> [RECORDED INFORMATION]
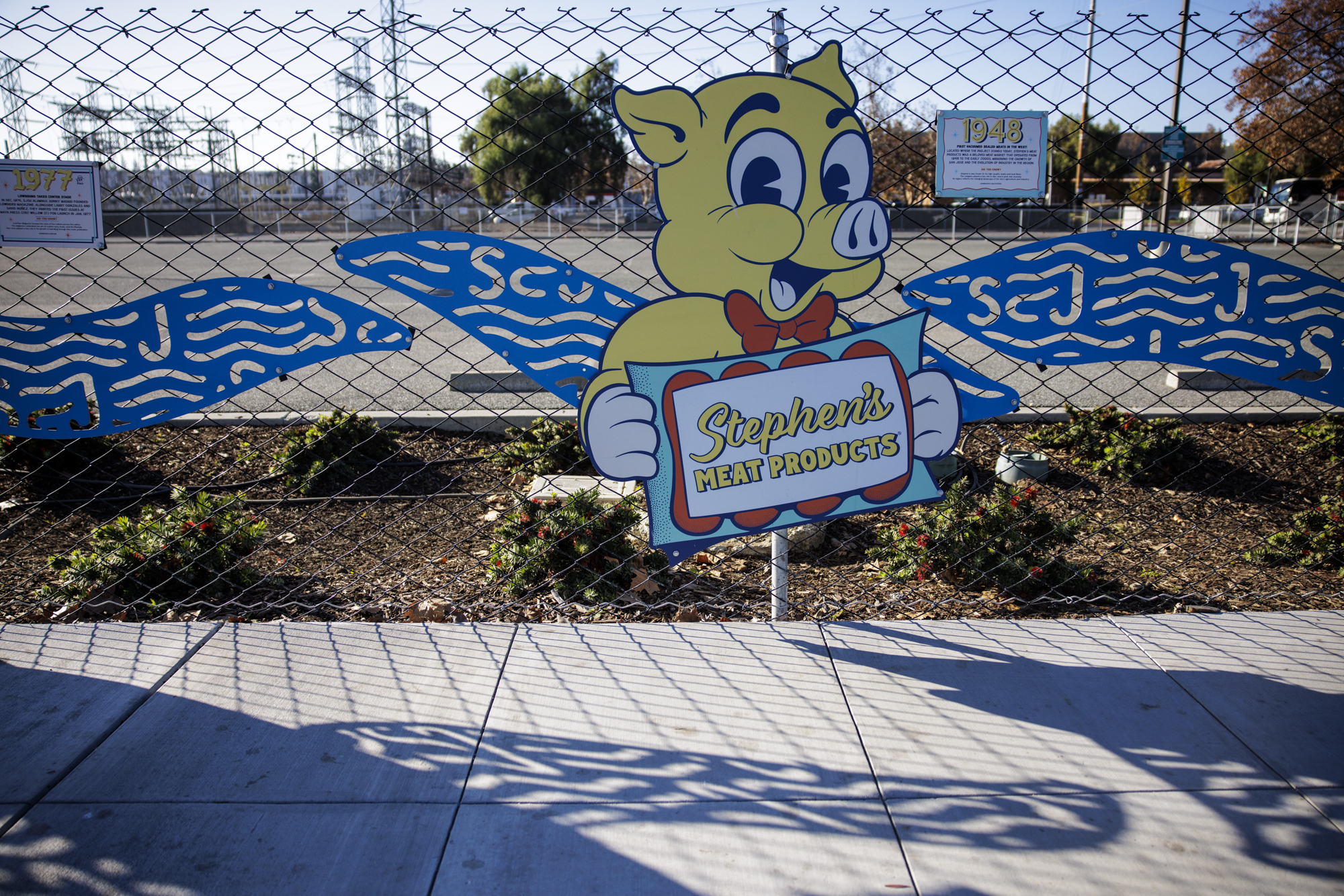 A sign on a fence commemorating the Stephen’s Meat Products sign in San José on Dec. 8, 2025. (Martin do Nascimento/KQED)
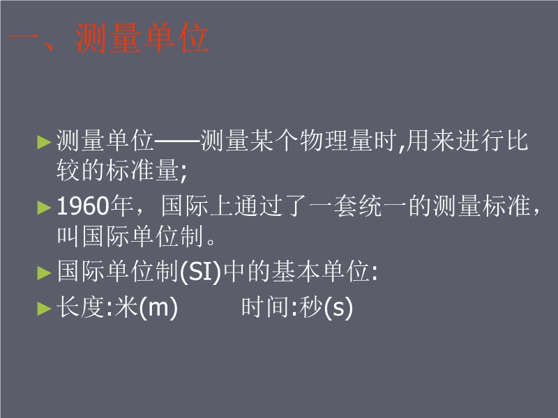 【内容简介】本课件以沪科版新教材第二章第二节为基础制作,共有26张幻灯片,并插入了四个flash动画。课件引导学生学习了长度的单位及换算、刻度尺的使用、时间的单位及换算、时间的测量、测量误差的概念、长度的间接测量等。用flash动画模拟演示了“机械式秒表”的使用,几种间接测量的方法等。本课件可供教学“长度与时间的测量”时参考使用。
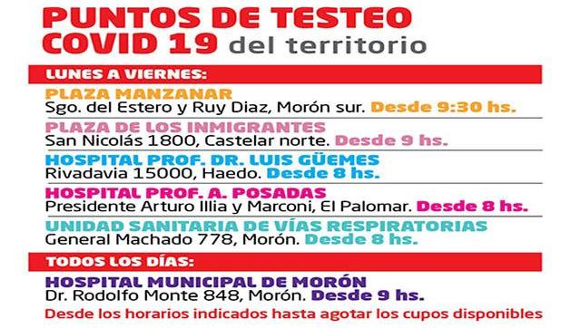 A partir de este lunes 10 de enero el municipio de Morón dispuso más centros de testeos los cuales son:

> [GOAL OF THE EXERCISE] For your answer, write out the data exactly and drop every picture.

> [ANSWER SPACE]
 A sign on a fence commemorating the Stephen’s Meat Products sign in San José on Dec. 8, 2025. (Martin do Nascimento/KQED)
 【内容简介】本课件以沪科版新教材第二章第二节为基础制作,共有26张幻灯片,并插入了四个flash动画。课件引导学生学习了长度的单位及换算、刻度尺的使用、时间的单位及换算、时间的测量、测量误差的概念、长度的间接测量等。用flash动画模拟演示了“机械式秒表”的使用,几种间接测量的方法等。本课件可供教学“长度与时间的测量”时参考使用。
 A partir de este lunes 10 de enero el municipio de Morón dispuso más centros de testeos los cuales son:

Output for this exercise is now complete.